In the modelling work presented in this paper, a hybrid architecture called the Hebbian Recurrent Network (HRN), employing both Hebbian and backpropagation learning rules, is proposed. The architecture is simulated to ensure that it embodies fundamental criteria for a model of human memory such as the ability to form memories rapidly without excessive interference.
An Adaptive Memory
Within the recent literature there has been considerable debate about
the ability of backpropagation models to capture human memory
phenomena. While there is a feeling that backpropagation models have
much to offer, the results thus far have been mixed (Ratcliff, 1990;
Lewandowsky, 1991). Backpropagation models provide mechanisms by which
encodings, decision criteria and control functions can be learned as a
consequence of exposure to the environment, yet, on some very basic
variables like the degree of interference, they have not performed as
well as conventional memory models.
Estes (1991) makes a telling comment in concluding his discussion of the difficulties of connectionist models:
The purpose of this paper is to start to address what forms of bias must be added to a network to make the learning tasks commonly solved by humans tractable and to ensure that the network performs these tasks in a psychologically plausible way.

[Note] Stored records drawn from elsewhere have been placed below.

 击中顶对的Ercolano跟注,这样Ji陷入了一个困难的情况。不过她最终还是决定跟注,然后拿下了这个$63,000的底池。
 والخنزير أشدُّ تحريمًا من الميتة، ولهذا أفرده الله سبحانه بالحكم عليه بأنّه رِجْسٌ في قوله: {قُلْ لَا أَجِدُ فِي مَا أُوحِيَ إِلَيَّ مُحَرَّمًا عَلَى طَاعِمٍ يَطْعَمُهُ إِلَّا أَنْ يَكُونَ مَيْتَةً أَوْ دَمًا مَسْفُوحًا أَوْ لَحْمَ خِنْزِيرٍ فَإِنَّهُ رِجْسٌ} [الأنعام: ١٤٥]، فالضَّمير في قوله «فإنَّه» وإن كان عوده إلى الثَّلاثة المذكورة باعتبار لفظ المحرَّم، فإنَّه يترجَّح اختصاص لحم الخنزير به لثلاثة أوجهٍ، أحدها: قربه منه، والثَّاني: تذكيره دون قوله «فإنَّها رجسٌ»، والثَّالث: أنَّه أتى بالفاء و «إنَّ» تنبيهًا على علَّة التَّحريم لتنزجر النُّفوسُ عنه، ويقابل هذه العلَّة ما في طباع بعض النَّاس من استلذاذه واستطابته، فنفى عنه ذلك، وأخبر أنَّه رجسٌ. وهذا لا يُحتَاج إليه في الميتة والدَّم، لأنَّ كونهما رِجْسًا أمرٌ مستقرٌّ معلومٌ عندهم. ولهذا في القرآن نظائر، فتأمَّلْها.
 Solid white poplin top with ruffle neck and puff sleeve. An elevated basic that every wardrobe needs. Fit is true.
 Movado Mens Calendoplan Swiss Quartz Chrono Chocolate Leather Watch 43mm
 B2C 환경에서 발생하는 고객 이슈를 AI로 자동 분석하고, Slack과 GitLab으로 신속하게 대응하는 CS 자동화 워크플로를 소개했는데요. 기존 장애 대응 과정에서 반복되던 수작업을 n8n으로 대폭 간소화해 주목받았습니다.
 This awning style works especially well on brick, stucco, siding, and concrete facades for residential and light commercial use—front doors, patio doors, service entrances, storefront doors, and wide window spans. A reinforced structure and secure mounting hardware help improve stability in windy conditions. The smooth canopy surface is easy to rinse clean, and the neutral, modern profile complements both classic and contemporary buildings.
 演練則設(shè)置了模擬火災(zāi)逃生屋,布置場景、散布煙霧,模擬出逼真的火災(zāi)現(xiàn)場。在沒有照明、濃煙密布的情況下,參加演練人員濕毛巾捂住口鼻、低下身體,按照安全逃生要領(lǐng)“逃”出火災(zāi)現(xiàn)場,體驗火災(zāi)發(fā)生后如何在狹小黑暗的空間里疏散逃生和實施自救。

The discussion begins by outlining some of the contributions that backpropagation architectures can make to the modelling of memory. Next, some of the major aspects of memory phenomena that remain obstacles for backpropagation models are examined. Finally, the Hebbian Recurrent Network (HRN), which integrates learning and memory models, is presented.
Learning Issues
In an interactive (learning) model, it is the interplay of the
environment and the architecture that leads to performance (Bickhard,
1991). For example, in backpropagation models, performance is
determined both by the architecture (i.e. structure of the
interconnections, the transfer function, and the values of the
parameters) and the statistical contingencies embodied by the training
set.
The advantages of such an interplay can be examined in terms of the components of the memory system. In the following subsections, the learning of representation, decision criteria and control are considered in turn.

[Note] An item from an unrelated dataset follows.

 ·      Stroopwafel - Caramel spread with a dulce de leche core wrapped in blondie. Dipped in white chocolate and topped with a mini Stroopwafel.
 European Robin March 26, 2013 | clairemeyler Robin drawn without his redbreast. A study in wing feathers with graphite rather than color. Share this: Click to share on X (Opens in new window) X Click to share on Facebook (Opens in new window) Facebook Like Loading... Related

Backpropagation models are able to construct internal representations (Rumelhart, Hinton, & Williams, 1986), thus offering a way of avoiding many representational assumptions. Typically, the hidden unit representations are formed as a consequence of both input similarity (e.g. the words "been" and "bean" might assume similar representations since they have similar orthographics and identical phonology) and functional similarity (e.g. the words "idea" and "concept" might adopt similar representations because they are used in functionally similar ways). Elman (1989, 1990) has demonstrated how a network in which the input representations have no similarity structure can exploit the functional similarity in the statistics of the training set to create a similarity landscape on the hidden units. Hence, backpropagation networks introduce a principled way in which "abstract features" might be formed as a consequence of the environment with which they are faced.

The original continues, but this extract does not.